Make sure the crond service is running with:
service crond status
It should say the service is running.
Create a file for each job in /etc/cron.d
- sphinx_main – runs at 2:12 AM each night
-
SHELL=/bin/sh
12 2 * * * sphinx indexer --rotate ads_main
- sphinx_delta – runs at every minute
-
SHELL=/bin/sh
* * * * * sphinx indexer --rotate ads_delta
Faster updates ?
1. Use merge
Instead of reindexing main, you could merge delta into main. This still consumes a lot of memory, but it would be faster.
The basic command syntax is as follows:
indexer --merge DSTINDEX SRCINDEX [--rotate]

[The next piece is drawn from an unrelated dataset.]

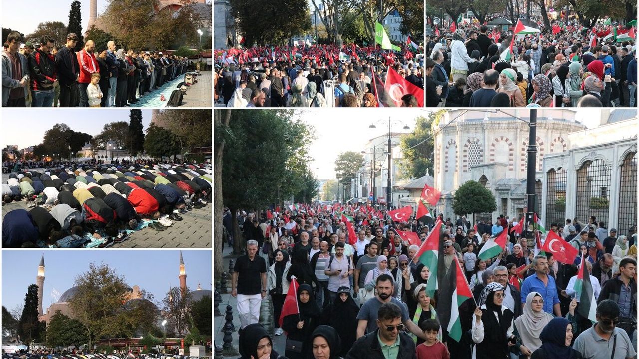 İstanbul'da on binler Gazze'ye destek için yürüdü

So you will have something like this:
indexer --merge ads_main ads_delta --rotate
The problem is that you can’t use the shell for this because you will need to update the sphinx_counter table also, and that is why you will need to do this from a script.
Pseudocode:
run merge command
update sphinx_counter table (sql update)
I prefer to rebuild the index each night to make sure I am using a synchronized version of the database.
A full re index for a 100K records table takes only a few seconds.
2. Use Real TIme indexes for live updates
Real Time indexes were introduced with version version 1.10-beta. Updates on a RT index can appear in the search results in 1-2 milliseconds, ie. 0.001-0.002 seconds. However, RT index are less efficient for bulk indexing huge amounts of data.